Только этого не хватало! Чтобы в первый день знакомства с отцом жрец Солнца попенял на ненадлежащее воспитание дочери! Но я ни в чем не виновата. Это те гологрудые бесстыдницы нарушили покой – орали, как козы на водопое!..

Но ещё страшнее, если он спросит о моей матери…

- Это точно лишнее, - ответила я сердито, поставив ногу в стремя, чтобы дать понять, что разговор окончен. – И я с сопровождением, к вашему сведению. Вот мои слуги, - я махнула рукой в сторону слуг, сопровождавших меня на мулах. Правда, теперь слуги стояли в сторонке, боязливо посматривая на грозного прелата. Но я бояться не собиралась, потому что не сделала ничего предосудительного. – А моя служанка – в коляске, охраняет мои вещи, - я взлетела в седло, и на этот раз прелат отпустил поводья. – Так что позвольте проехать, не желаю стоять здесь до полудня.

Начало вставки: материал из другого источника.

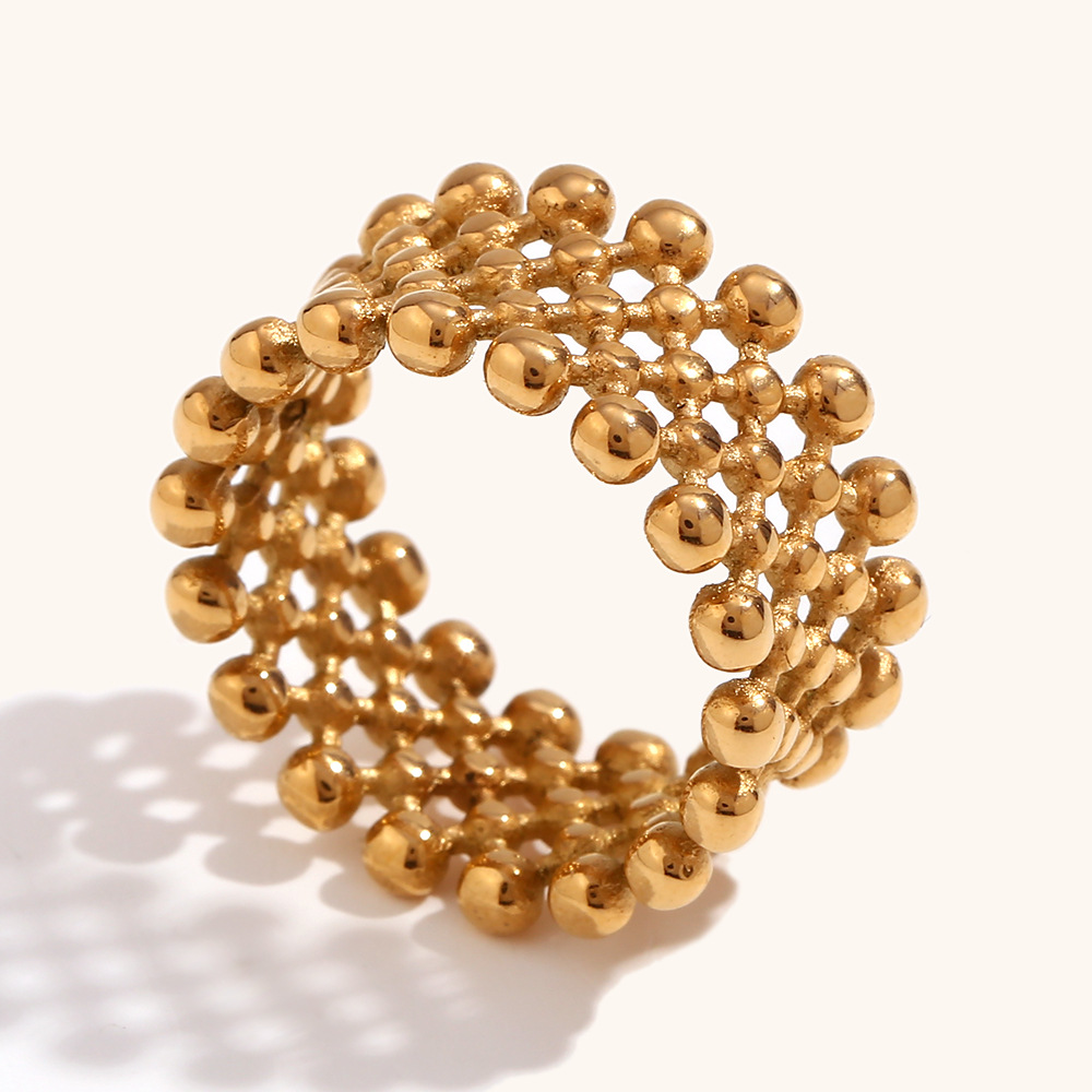 Product information:Type: Ring Treatment Process: Electroplating Color: small beads mesh cross arrangement ring-GoldSize: no.6, no.7, no.8 Style: Simple Material: Stainless steel Shapes: Geometry Popular elements: round Style: fashion OL

Он молча отступил, давая дорогу. И снова взгляды наши встретились. И как будто солнце померкло, а все вокруг перестало существовать. Меня охватил суеверный ужас – говорили, что в Барише полно колдунов, которым известны тайны кровавой черной магии. Вдруг этот прелат – один из них? Что ещё, как не черные тайны, могли заставить такого красивого и полного сил мужчину надеть сутану, отказываясь ото всех радостей жизни? Прелаты обязаны были соблюдать обет безбрачия, и я вдруг с удивлением поняла, что злюсь на этот древний закон. Несправедливо оставаться в стороне от жизни, когда всё в тебе – сама жизнь!..

Но мысли эти были слишком греховными и совершенно ненужными, поэтому я подхлестнула Ханду и поскорее поехала прочь. Пока и в самом деле не дознались, что я – дочь Илайши Ивирица, советника короля.

Двадцать пять лет назад тервинги завоевали земли гуршатов, и уже двадцать лет усиленно насаждали свою веру, обычаи и знания. Я ничего не имела против чужих знаний, если они шли на пользу, но так и не смогла принять сердцем новые обычаи.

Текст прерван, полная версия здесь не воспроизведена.